TL is a technique of applying insights (eg, data representations) that were previously learned from one problem to a new, related task [19-22]. It can be particularly beneficial when one task has significantly more training data than the other. As the number of children on HFNC is significantly smaller than the number of ICU episodes in the CHLA PICU data set, TL techniques were considered to generate initial data representations and facilitate training of the HFNC prediction models. LSTM-based recurrent neural networks using the same input variables as those for the HFNC task were trained on >9000 CHLA PICU episodes to predict ICU mortality [23]. The first layer of one of these mortality models was then used as the first layer of some of the LSTM-based HFNC prediction models in Textbox 3.

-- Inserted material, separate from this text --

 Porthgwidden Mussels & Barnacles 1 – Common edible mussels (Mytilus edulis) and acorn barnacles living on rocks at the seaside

Details of the 8 models considered.

Model and hyperparameters (a list of the 14 variables used as model inputs appears in Table S6 of Multimedia Appendix 6)

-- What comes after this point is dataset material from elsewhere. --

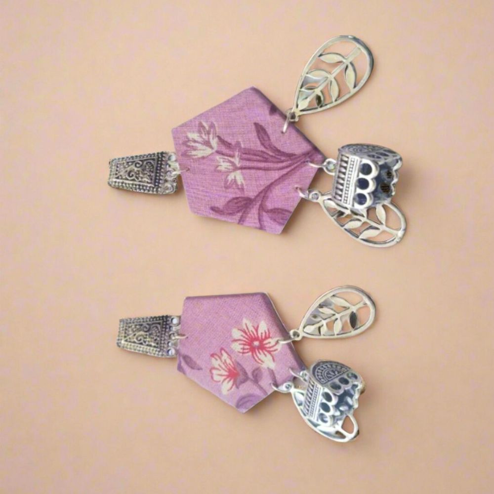The Purple Printed Floral Earrings with Silver Charm Bottom celebrate color, print, and motion in a refined handcrafted form. Crafted on a fabric base, the rich purple surface is enlivened with multicolour floral motifs that feel expressive and artistic. A silver-toned charm at the bottom adds subtle movement and shimmer, creating a graceful finish. Lightweight and balanced, these earrings are designed to elevate everyday ethnic looks and festive ensembles alike.

14-variable logistic regression (LR-14)

Regularizer: 7.50×10⁻¹
Regularization: elasticnet (ratio=0.5)

517-variable logistic regression (LR-517)

Regularizer: 1.15×10⁻³
Regularization: elasticnet (ratio=0.2)

Long short-term memory (LSTM)

Layers: 3
Number of hidden units: (128,256,128)
Batch size: 12
Initial learning rate: 9.6e-4
Patience: 10
Reduce rate: 0.9
Number of rate reductions: 8
Loss function: binary cross-entropy
Optimizer: rmsprop
Dropout: 0.35
Recurrent dropout: 0.2
Regularizer: 1e-4
Output activation: sigmoid

LSTM with 3-times input perseveration (LSTM+3xPers)

Same as LSTM

LSTM with transfer learning (TL; LSTM+TL)

Same as LSTM
Transfer weights: first hidden layer only

LSTM with 3-times input perseveration and TL (LSTM+3xPers+TL)

Same as LSTM
Transfer weights: first hidden layer only

Simple ensemble of LSTM+3xPers+TL (Simple-en-LSTM+3xPers+TL)

Same as LSTM
Transfer weights: first hidden layer only

Multi-ensemble of LSTM+3xPers+TL (Multi-EN-LSTM+3xPers+TL)

Same as LSTM
Transfer weights: first hidden layer only

Textbox 3. Details of the 8 models considered.

Ensembling

Ensemble methods combine multiple algorithms to achieve a higher predictive performance than each component could obtain [24]. The predictions from each component are averaged to yield a single final prediction. Here, different seed values were used to generate multiple LSTM-based models, with each seed value initializing a different set of pseudorandom starting weights for a particular model. Different seed values led to slightly different models. Different seeds were used to train the mortality models used for TL and train the final LSTM models on HFNC-specific data. Owing to the relatively small size of the cohort available to develop the HFNC prediction model, it was hypothesized that training models with different seeds would result in high variance and low bias models that may be decorrelated. Ensembling provides a method to average the results across decorrelated models to reduce variance but maintain a low bias.

HFNC Models

A total of 8 models were developed: a 14-variable LR (LR-14) using variables previously identified as risk factors for HFNC failure [8,11-13], a 517-variable LR (LR-517), a standard LSTM, an LSTM with input perseveration (LSTM+3xPers, where 3 indicates the number of replications described in the study by Ledbetter et al [18]), an LSTM with TL (LSTM+TL), an LSTM with both input perseveration and TL (LSTM+3xPers+TL), a simple ensemble of LSTMs with input perseveration and TL (Simple-EN-LSTM+3xPers+TL), and an ensemble of ensembles of LSTMs with input perseveration and TL (Multi-EN-LSTM+3xPers+TL). All models were trained to generate a prediction every time new measurements became available within the HFNC period.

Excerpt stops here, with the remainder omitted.